--- Records shown Enclosed Below ---

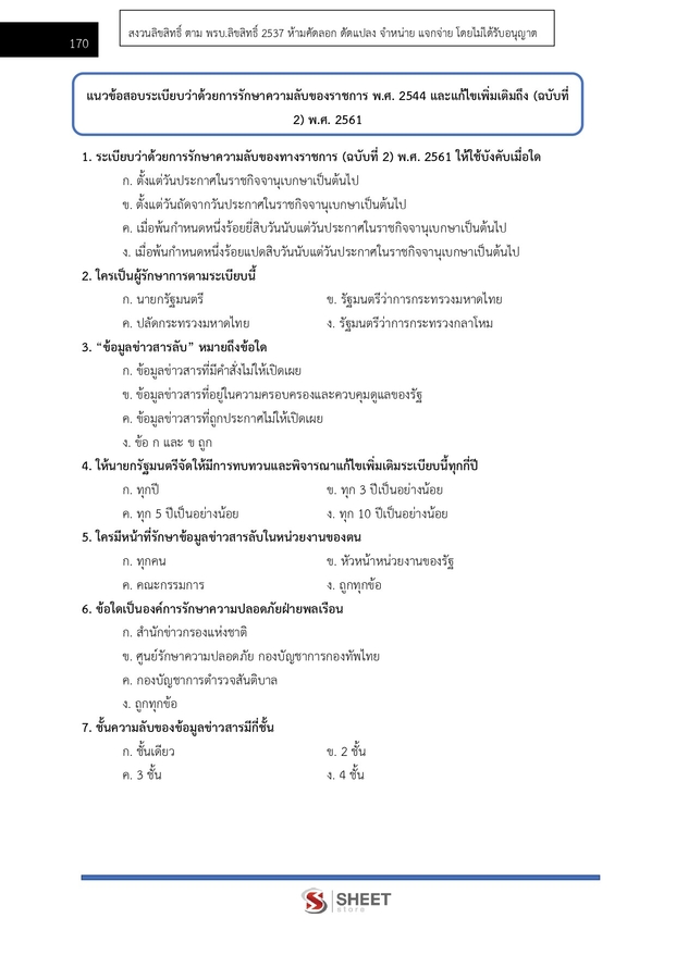 – แนวข้อสอบระเบียบว่าด้วยการรักษาความลับของราชการ พ.ศ. 2544 และแก้ไขเพิ่มเติม (ฉบับที่ 2) พ.ศ. 2561
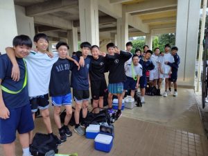 サッカー部と男子バスケットボール部が出発しました。
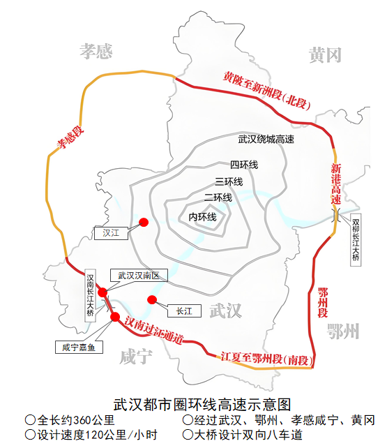 武汉都市圈环线高速公路相当于武汉六环线,全长360公里,双向八车道,设计时速120公里,串联武汉、孝感、咸宁、鄂州、黄冈。汉南长江大桥及接线工程是其重要组成部分,起于蔡甸区通航产业园,止于江夏区山坡街南侧,全长72.5公里,总投资289亿元,由武汉城发集团所属武汉交投集团汉南桥公司投资建设。
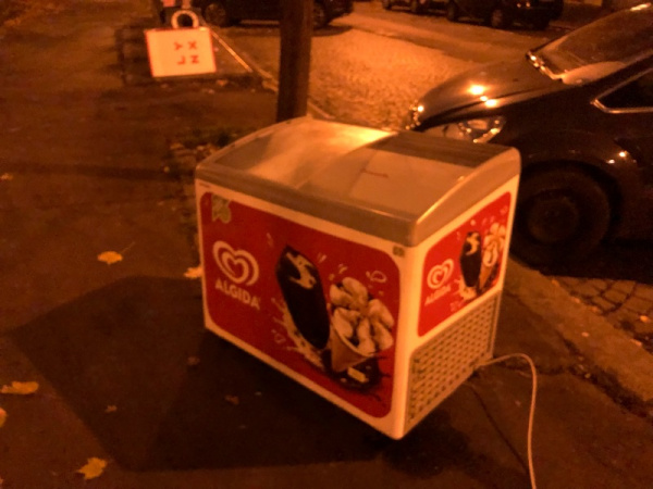 Někdo si spletl ulici se sběrným dvorem a odložil zde mrazák Algida.. děkuji za pomoc!
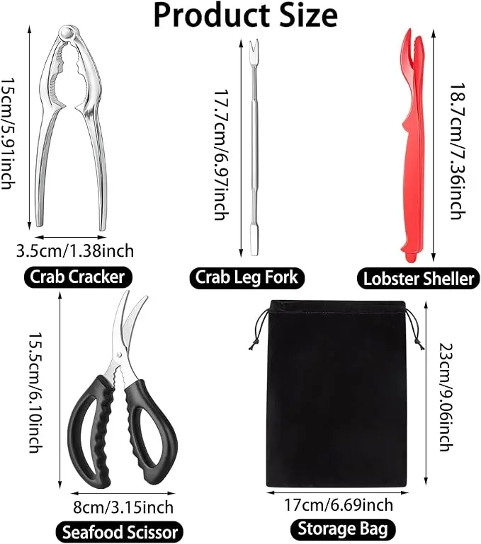 This set is designed for seafood enthusiasts. It provides all the tools needed for a hassle-free seafood dining experience. The included storage bag ensures your tools are always ready when you need them. Enjoy your favorite seafood dishes with ease.
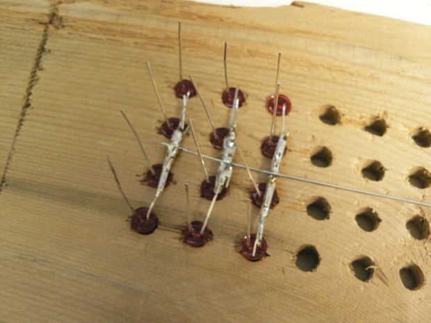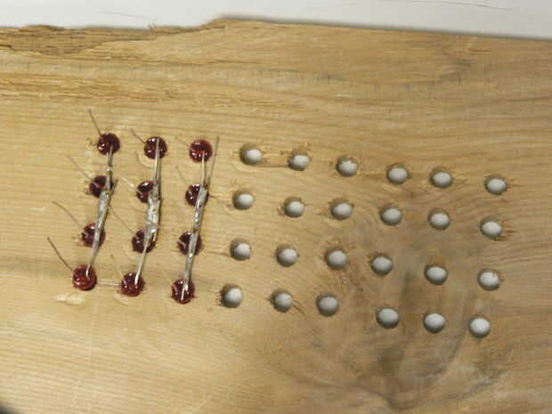 A continuación inserte la una fila de LEDs al mismo tiempo su perforado hacia fuera de la plantilla de cuadrícula. Doblar las piernas largas para que sean paralelas entre sí y soldarlos, fila por fila (ver fotos 2 y 3). Soldar entre sí las piernas largas ya que va a utilizar el sistema TLCs para controlar estos LEDs, lo TLCs son sumideros de energía. Esto significa que ellos controlan los LEDs alterando el voltaje diferencial entre alimentación y masa.
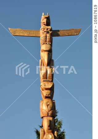 Totem wood pole in the blue cloudy background
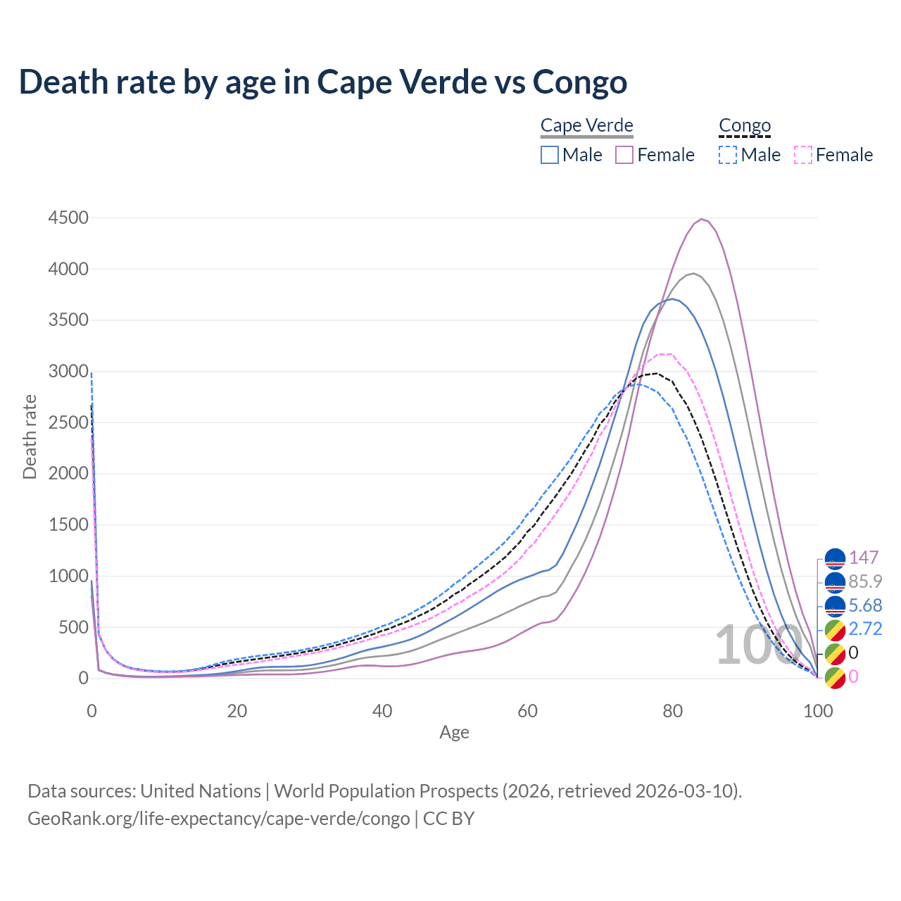 In Cape Verde, the most common age of death is 83, compared to 78 in the Congo. The median age of death is 80.1 in Cape Verde and 71.8 in the Congo, meaning only half of each cohort is expected to live past that age.

--- End of Enclosed Records shown ---

■ **What to do**:
Using the data above, which lines fall from the one with "サッカー部と男子バスケットボール部が出発しました。" through the one with "This set is"? Repeat them exactly, ends included, minus any pictures.

■ **Answer space**:
 サッカー部と男子バスケットボール部が出発しました。
 武汉都市圈环线高速公路相当于武汉六环线,全长360公里,双向八车道,设计时速120公里,串联武汉、孝感、咸宁、鄂州、黄冈。汉南长江大桥及接线工程是其重要组成部分,起于蔡甸区通航产业园,止于江夏区山坡街南侧,全长72.5公里,总投资289亿元,由武汉城发集团所属武汉交投集团汉南桥公司投资建设。
 Někdo si spletl ulici se sběrným dvorem a odložil zde mrazák Algida.. děkuji za pomoc!
 This set is designed for seafood enthusiasts. It provides all the tools needed for a hassle-free seafood dining experience. The included storage bag ensures your tools are always ready when you need them. Enjoy your favorite seafood dishes with ease.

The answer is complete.